Donald Trump should be charged with crimes related to the assault on the US Capitol, according to the congressional committee investigating the 6 January, 2021 attack.
The committee claimed the former president instigated the attack by his supporters and provided “aid and comfort” to the rioters in violation of multiple federal laws. “None of the events of January 6 would have happened without him,” the summary of its final report says.
Members say there’s evidence to pursue the prosecution of Mr Trump on four charges:
Obstruction of an official proceeding
Conspiracy to defraud the United States
Conspiracy to make a false statement
Inciting, assisting, aiding, or comforting an insurrection
The vote provided a dramatic finale to an 18-month inquiry into the chaotic last days of Mr Trump’s presidency – but the implications for him will be mostly political, not legal.
A gesture, not an indictment
If Mr Trump were convicted of the crimes the committee has accused him of committing, he could face hundreds of thousands of dollars in fines, up to 20 years in prison and be prohibited from running for future political office. The committee’s vote, however, is largely symbolic.
Congress does not have the ability to charge Mr Trump with any of the listed federal crimes. That power lies solely in the hands of the US Justice Department, which is part of President Joe Biden’s administration.
With its vote, the congressional committee members have, in effect, recommended the Justice Department act. They have laid out the case – the means, the motive and the opportunity – as they see it. And, perhaps most importantly, they have provided a trove of the supporting evidence gathered over nearly two years of interviews, subpoenas, document reviews and legal battles.
What the Justice Department does with all this, however, is entirely out of the committee’s control.
Trump’s legal woes
While the January 6 committee’s recommendations may have little legal weight, there are plenty of indications that the Justice Department is already well into the kind of investigation of possible criminal conduct by the former president that the committee desires.
A grand jury convened by federal attorneys has already issued subpoenas to dozens of Mr Trump’s administration and campaign officials and requested many of the same Trump administration documents reviewed by the congressional committee.
Last month, US Attorney General Merrick Garland appointed a special counsel, Jack Smith, to handle all aspects of the inquiry into the former president. He cited Mr Trump’s announcement of his 2024 presidential bid, and the possibility that Mr Trump could face off against Mr Biden in the general election, as grounds for separating the investigation from the Justice Department’s day-to-day operations.
Since then, Mr Smith’s office has issued its own subpoenas to officials in seven states who had been contacted by Mr Trump or his advisers during their attempts to dispute the 2020 presidential election results. The independent council investigation appears to be wasting little time picking up where career Justice Department lawyers left off.
The Capitol attack is not Mr Trump’s only source of legal concern, either. Mr Smith is also investigating the former president’s handling of classified material at his Mar-a-Lago estate after he left office.
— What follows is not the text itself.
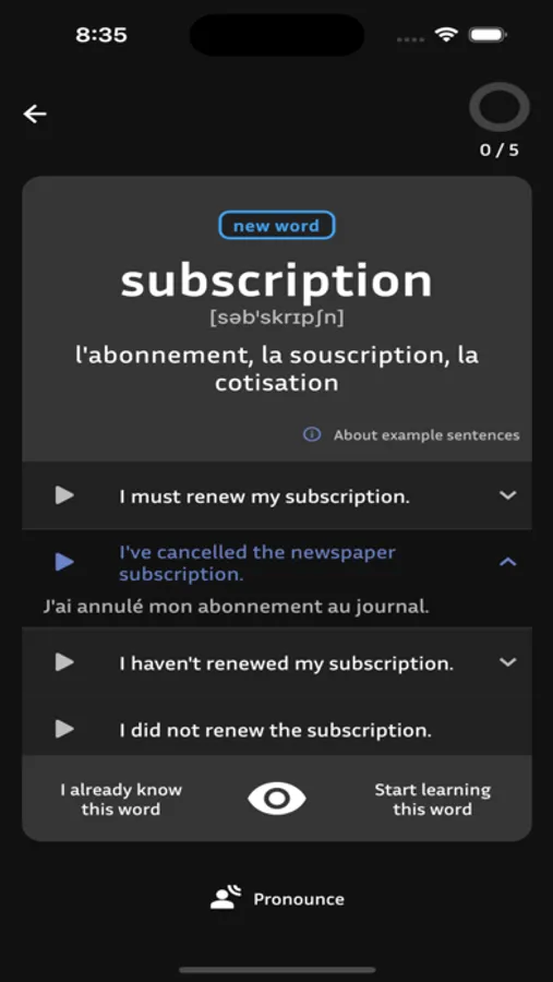 Wordmit can pronounce the word you see on the screen to you. You can adjust the pronunciation speed, you can also listen to the words manually if you want.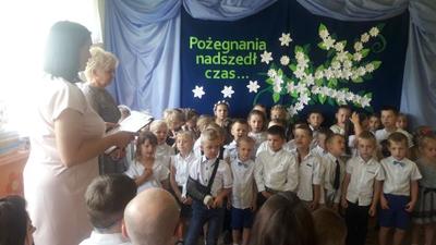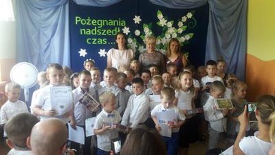 Stało się 19.06.2019r. to ostatni dzień w przedszkolu przed wakacjami i pożegnanie starszaków. Pani dyrektor Wanda Bodzioch powitała nas uroczyście w tym szczególnym dniu. Życzyła wszystkim wspaniałych i bezpiecznych wakacji. Sześciolatki pożegnały przedszkole ponieważ opuszczają nas, by rozpocząć po wakacjach naukę w klasie pierwszej. Pięciolatki pożegnały sześciolatków, a maluchy powitały wakacje. Po części artystycznej przyszedł czas na podziękowania dla rodziców, którzy byli zaangażowani w działania na rzecz przedszkola i udzielali się bezinteresownie. Rodzice w podziękowaniu otrzymali dyplomy. Dzieci otrzymały nagrody za zbieranie makulatury i nakrętek. Pani dyrektor podziękowała za pracę pani Teresie która odchodzi na zasłużoną emeryturę.

A Georgia district attorney continues to dig into whether Mr Trump’s contact with state officials violated Georgia election law. And there are a host of civil cases too.
Political fallout
Mr Trump has long attempted to paint the entirety of the criminal and civil investigations and lawsuits directed at him as part of a partisan “witch hunt” whose ultimate goal is to thwart his return to political power.
The nature of the congressional committee’s criminal referral – voted on by seven Democrats and two vehemently anti-Trump Republicans – will do little to counter these claims, and may in fact be cited by Mr Trump as further evidence of the partisan nature of the allegations if and when they turn into actual criminal charges.
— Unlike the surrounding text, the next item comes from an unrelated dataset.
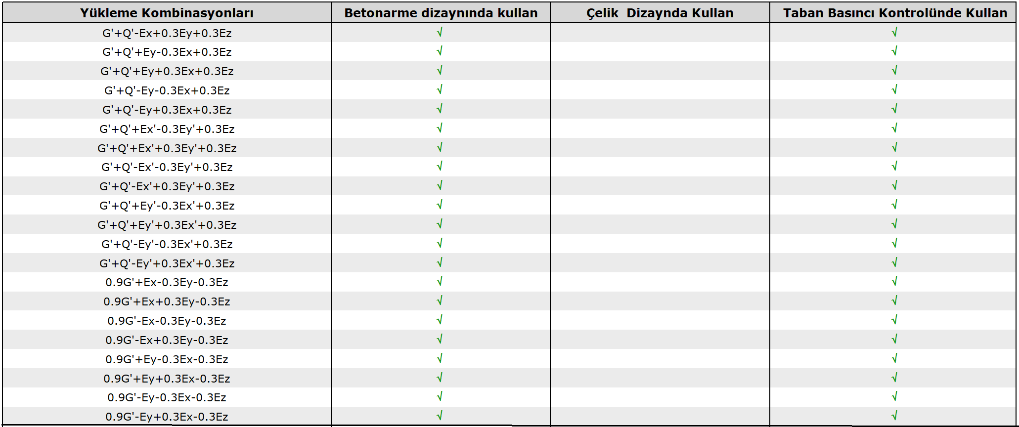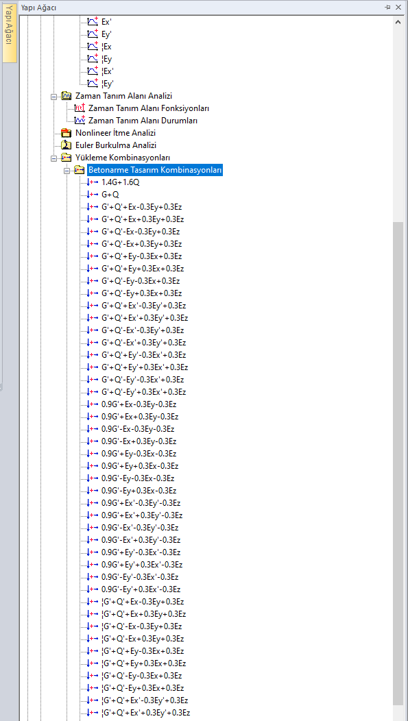 The edited combinations are given under three headings: reinforced concrete, steel and user-defined under the subtitle of building tree loading combinations in the interface. All combinations used for reinforced concrete, steel and base pressure control are given in the subtitle of optional report loading situations and loading combinations.

The referrals, however, will generate days of negative coverage for Mr Trump, as newspaper and television headlines recount the nature of the recommended charges and remind Americans of the violence of 6 January and Mr Trump’s months-long efforts to challenge his election defeat.
Already, there are indications that Mr Trump may be facing increasingly stiff political headwinds as he tries to gear up another bid for the presidency in 2024. Recent polls show that he continues to be unpopular with vast swaths of the American public, and that his support is dropping even among Republican voters. Hypothetical head-to-head election matchups show him losing ground to Florida Governor Ron DeSantis for the Republican presidential nomination and trailing Mr Biden in a general election contest.
Since announcing his presidential bid just a week after the Republican Party and Mr Trump’s handpicked candidates underperformed in the November 2022 midterm congressional elections, Mr Trump has taken few visible steps to advance his campaign efforts. While there are rumours of hirings and talk of new policy announcements, the biggest news came from the former president’s touting of Trump-themed action-hero digital collector cards, sold for $99 apiece.
As the calendar turns to 2023, and the Republican presidential nomination contest comes into focus, Mr Trump may require some remarkable feats of political strength to regain his political footing.